We see clients that have a lot of measures in place that generate a lot of data, but not necessarily the right measures in the right place on the right things, that would otherwise give them intelligence into both their own process performance, and their customer experiences.
As an example, I spoke to an Insurance company last year, who only found out that they’d not sent out 10,000 renewal letters when the customer complaint flood gate opened! A reactive situation with little or no control, which sucks resource and creates additional cost, not to mention customer dissatisfaction and negative emotion.
So what’s the answer?
Well, one approach is what we talk about at Custerian. We talk about measuring the three voices in an organisation.
These three voices are:
Voice of Customer
This is exactly as it sounds! It’s the voice of the customer measured (or listened to) either formally and structured through customer research and measurement, or informal and unstructured through anecdotes, employee feedback, social media comments and shares (or even thank you notes!).
Voice of Process
These are what most people refer to as KPIs (key performance indicators). However, they need to be measuring key parts of processes that deliver or determine an important or critical part of the customer experience. A key question to ask here is “if a process point fails will it cause adverse impact to customers, create complaints and/or customer dissatisfaction, or detract from the total experience? If the answer is yes, then it needs to be measured. I’d suggest that insurance renewal letters fall in this category.

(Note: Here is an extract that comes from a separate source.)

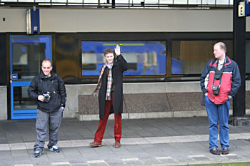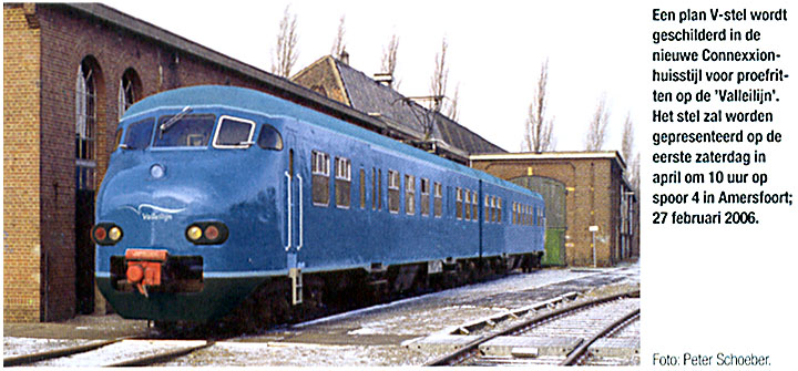 Op de Rails, het maandblad van de NVBS, is een serieus blad. De spoor- en tramweghobby is namelijk een serieuze hobby. Geen grappen alstublieft! Daarom was ik aangenaam verrast door een bericht in het maartnummer van 2006, over een proefrit die op de eerste zaterdag van april zou plaatsvinden. Bij het bericht stond een foto van een blauw geschilderd treinstel plan V, dat op die dag gepresenteerd zou worden in Amersfoort. Met dit soort treinen zou Connexxion op de Valleilijn gaan rijden (de Valleilijn is de nieuwe naam van de Kippenlijn tussen Barneveld en Ede-Wageningen). De grap was leuk bedacht, maar de foto was nogal duidelijk een digitale bewerking van een gewone plan V. Dat kan beter, dacht ik, en dus maakte ik mijn eigen versie van een Valleilijnblauw treinstel. Via een internetforum over spoorwegfotografie werd daar nogal pissig op gereageerd door een (onder pseudoniem opererende) redacteur van Op de Rails. Ik had een idee gejat en ik had een 1-aprilgrap verklapt! Tussen het jatten van ideeën en het commentaar leveren op ideeën van anderen bestaat nogal een verschil. Bovendien had ik die 1-aprilgrap niet verklapt, dat deed deze redacteur nu zelf, door mij te beschuldigen van het verklappen van een 1-aprilgrap. Niet zo intelligent allemaal, maar zoals ik in het begin al schreef is de spoor- en tramweghobby een serieuze hobby, dus mensen met gevoel voor humor en relativeringsvermogen zijn een tamelijk zeldzaam verschijnsel in die kringen. Ik heb beloofd om op 1 april 2006 uit te leggen wat er niet goed is aan de fototrucage in Op de Rails. Dat doe ik hieronder. Ook laat ik mijn eigen fototrucage zien, en de "echte" trucage die door Connexxion via internet is gepubliceerd. Oordeel zelf! Verder ben ik op 1 april in de trein gestapt om te kijken hoeveel fotografen er op deze blauwe belofte waren afgekomen. |
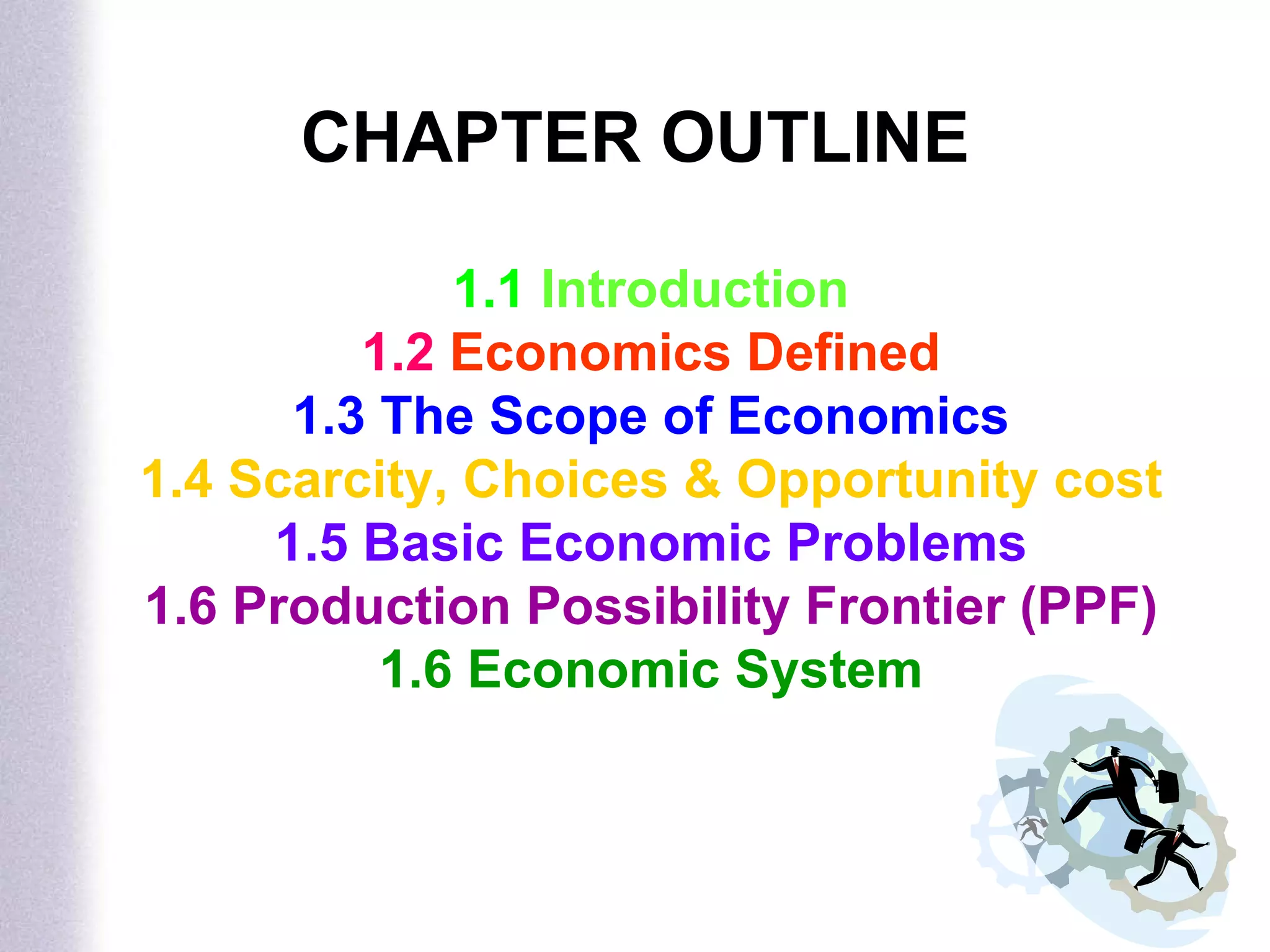 1) Economics is defined as the study of how people use limited resources to fulfill unlimited wants. It involves choices under scarcity.

An easy one with hindsight but a key part of the insurance renewal process where failure causes adverse impact.
Voice of employee
Simply, where a process hands off between team or individuals, the hand off should be measured to ensure;
The handing-off team complete their part efficiently and effectively and on time
The receiving team get everything they need to be able to complete their part efficiently and effectively to either finish the process or hand over again as required
Rinse and repeat
If you then have a single view i.e. a dashboard with all 3 voices on it, then you can see all three critical measures in one place, at a glance without having to dig around for the information on a regular basis.
Further refinement to this is setting tolerance thresholds around the three voices. So that if VoP or VoE drops out of threshold, you can with a degree of certainty, predict that there will be an impact on VoC.
The real skill, is to be able to quickly spot the drops in VoP and VoE and correct them before VoC is actually impacted (ideally). Now we’re starting to delve into the world of real time analytics and reporting which is for another post but is already (and has been for a while) available.
It’s part of moving from reactive (slow) to predictive (agile) and creating intentional experiences for customers (and organisations), rather than the reactive fix and fire fight that we continually see.
Looking back at the Insurance company example from earlier, there clearly was no VoP measure on renewal letters… If the measure had been in place, they would have spotted the failure and been able to correct and inform probably before customers had even realised. This is where big data can be a distraction when there’s more effective things that can be done first to protect and improve the customer experience.
What would your organisation’s three voices be saying?